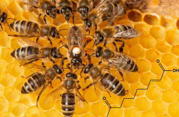Pozorujeme ich najmä u včelej kráľovnej, v ktorej sekréte sa nachádza až 14 zlúčenín. Z nich je významná napríklad kyselina trans-9-oxo-2-decénová (obr. 9), ktorá priťahuje trúdy a stimuluje ich k páreniu, a zároveň aktivuje robotnice k zberu nektáru, ku kŕmeniu a čisteniu kráľovnej. Zaujímavosťou je, že táto kyselina taktiež brzdí rozvoj vaječníkov u robotníc.
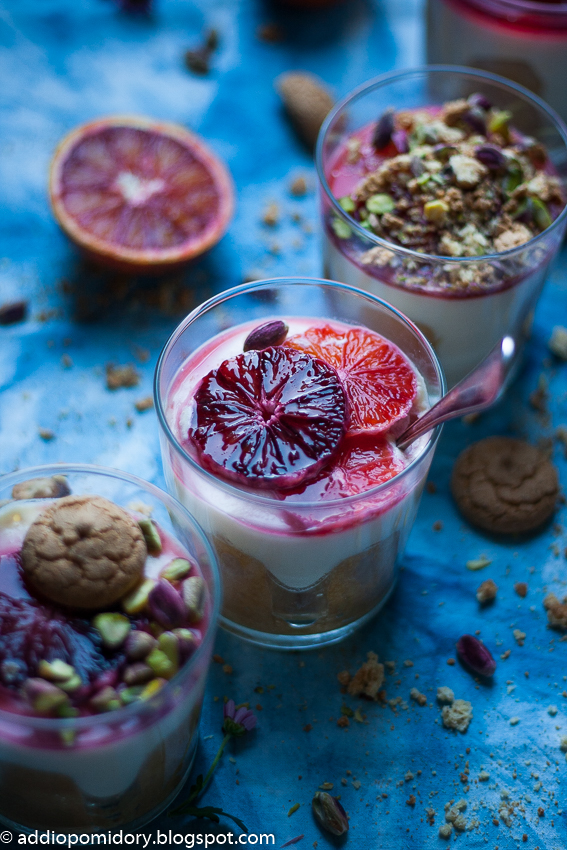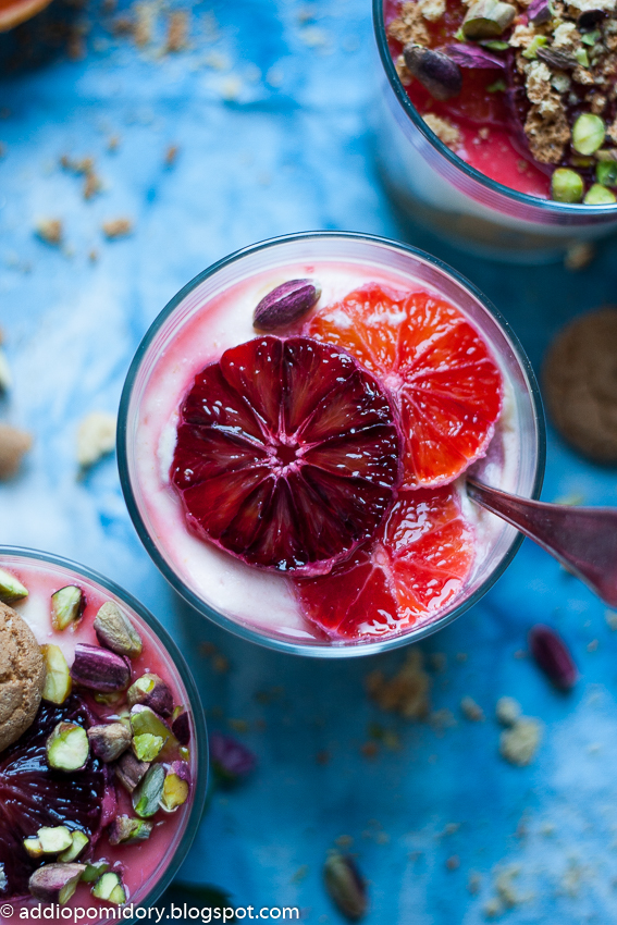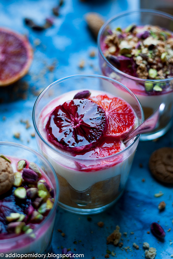 8. Przed podaniem dekorujemy nasze tiramisu pomarańczami, pokruszonymi ciasteczkami amaretti, pistacjami i sokiem z pomarańczy, który się wytworzył podczas leżakowania owoców.
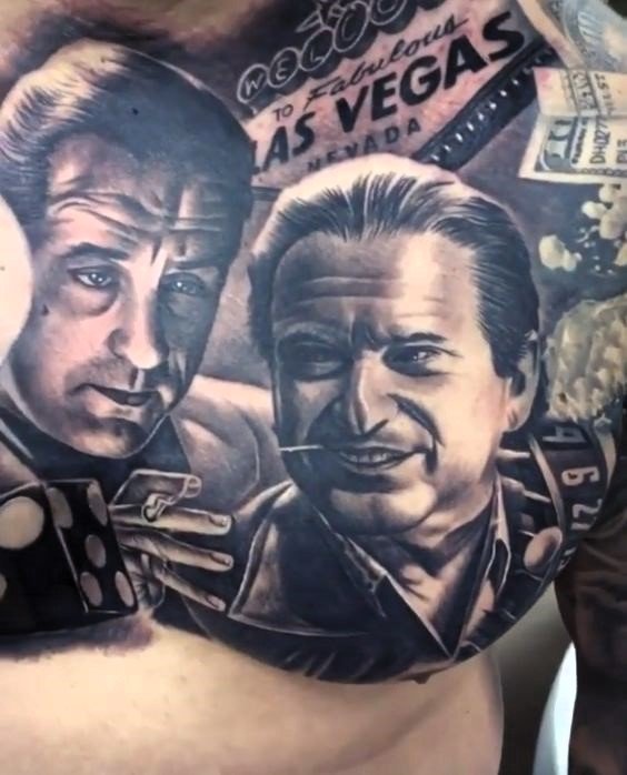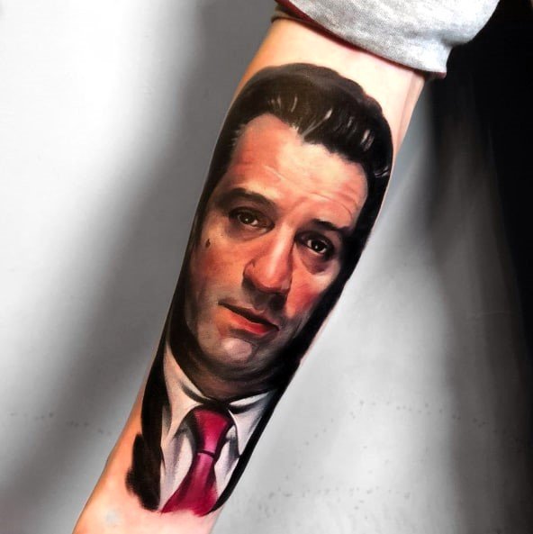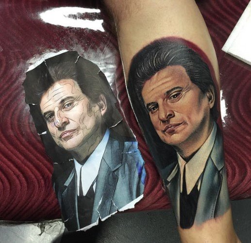 - Faces of the Main Characters One of the most obvious options is portraits of the main characters of the film. The face of Robert De Niro as Jimmy Conway or Ray Liotta as Henry Hill on your shoulder or chest would be a great choice for those who respect this film.
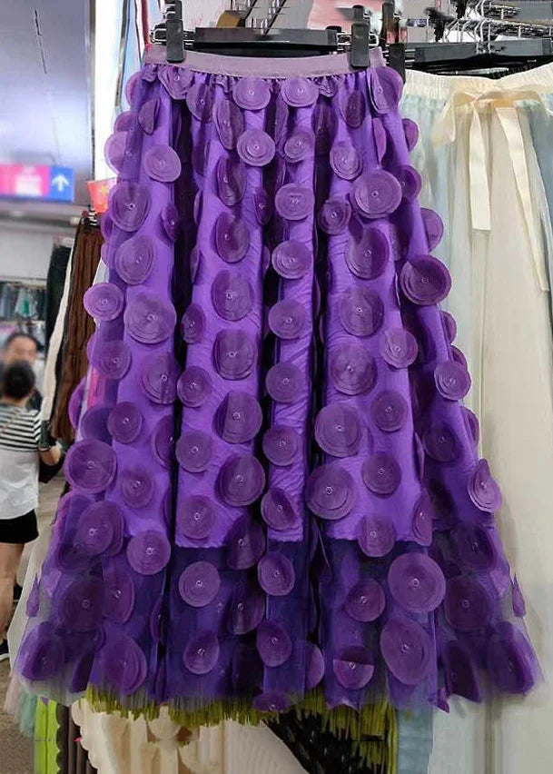 Chic Green High Waist Patchwork Dot Tulle Skirt Summer
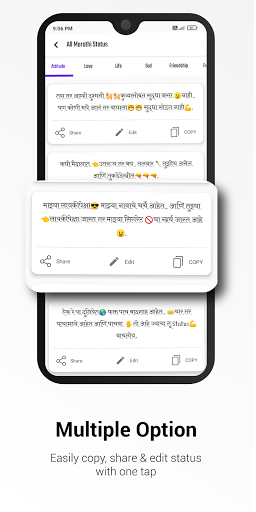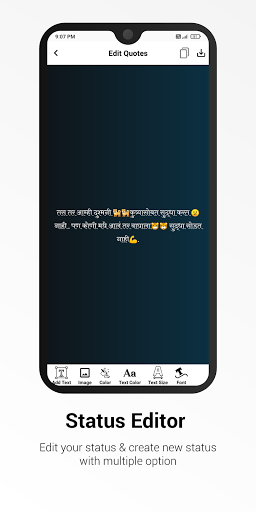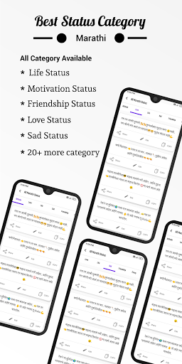 Son Marathi statüsü, Shayari & amp;Güzel ve çekici bir tasarıma sahip editör.Bu uygulamayı çevrimiçi veya çevrimdışı kullanabilirsiniz.Haftalık yeni मराठी स्टेटस güncellendi.

▶ _WORK ORDER_: In the copy, leave out the pictures and restate the records exactly.

▶ _WRITTEN RESPONSE_:
Pozorujeme ich najmä u včelej kráľovnej, v ktorej sekréte sa nachádza až 14 zlúčenín. Z nich je významná napríklad kyselina trans-9-oxo-2-decénová (obr. 9), ktorá priťahuje trúdy a stimuluje ich k páreniu, a zároveň aktivuje robotnice k zberu nektáru, ku kŕmeniu a čisteniu kráľovnej. Zaujímavosťou je, že táto kyselina taktiež brzdí rozvoj vaječníkov u robotníc.
 8. Przed podaniem dekorujemy nasze tiramisu pomarańczami, pokruszonymi ciasteczkami amaretti, pistacjami i sokiem z pomarańczy, który się wytworzył podczas leżakowania owoców.
 - Faces of the Main Characters One of the most obvious options is portraits of the main characters of the film. The face of Robert De Niro as Jimmy Conway or Ray Liotta as Henry Hill on your shoulder or chest would be a great choice for those who respect this film.
 Chic Green High Waist Patchwork Dot Tulle Skirt Summer
 Son Marathi statüsü, Shayari & amp;Güzel ve çekici bir tasarıma sahip editör.Bu uygulamayı çevrimiçi veya çevrimdışı kullanabilirsiniz.Haftalık yeni मराठी स्टेटस güncellendi.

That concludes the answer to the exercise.